What was left to her? The injury was too deep not to demand requital. But how could she avenge herself on Philip? What could she make him suffer that he was not already suffering? His life was broken up: he had lost his wife and his place in the world,—for she knew Philip well enough to be aware that it would be a long while (if ever) before a man of his organization would be able to renew his relations with society. Surely hatred itself could not pursue him further. There was nothing to be done.
And yet to do nothing was intolerable to Perdita: she could have borne anything else better. Inaction gnawed her heart and made her existence bitter. But what could she do? Should she kill him? No: life could hardly be so dear to him as to make that worth while. Should she kill herself? That, indeed, was as likely as anything else to put an end to her unrest: but should she allow Philip to imagine that she had died for love of him? She laughed, and shook her head. It was while she was in this mood that Fillmore’s letter came, mentioning Bendibow’s death. The news interested her, for she fancied it might in some way bear upon the subject that possessed her thoughts. She awaited his arrival with impatience.

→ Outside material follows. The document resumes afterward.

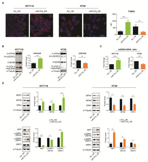 Finally, we verified whether mitochondrial dynamics was also affected by miR-27a, as this event is strictly interconnected with biogenesis. As shown in Figure 3D, we used Western blot analysis and found that the expression of Mitofusin 1 and 2 (MFN1 and 2) and OPA1, major players in mitochondrial membrane fusion [8,46], was higher in miR-27a_KD than the relative Scr_KD cells. In contrast, their expression in miR-27a_OE was lower than that in Scr_OE cells, in an inverse correlation with miR-27a. The Mitochondrial Fission Factor (MFF) was more expressed in Scr_KD than miR-27a_KD cells. MFF is anchored to the outer membrane and recruits the Dynamin-Related Protein 1 (DRP1) that undergoes oligomerization and phosphorylation, thus triggering mitochondrial fission [47,48]. In line, DRP1 displayed higher phosphorylation at S616 (activating) and lower phosphorylation at S637 (inhibitory) in Scr_KD than miR-27a_KD cells. In HT29 cells, MFF and DRP1 phosphorylation showed the opposite behavior: MFF was more expressed in miR-27a_OE cells, and DRP1 exhibited higher phosphorylation at S616 and lower phosphorylation at S637 than its Scr_OE counterpart, in line with miR-27a levels. All these results indicate that miR-27a negatively modulates mitochondrial content, thus favoring fragmentation.

He came punctually, as usual; but his face and demeanor, as he entered the room, were singularly reserve and sombre. The Marquise, if she noticed this at all (and it would be hard to say what a woman like her does not notice), laid it to the account of the death-scene at which he had been present. As for herself, she felt no regret, and was not in the vein to express what she did not feel. She greeted the lawyer coolly and briefly, and went at once to the subject.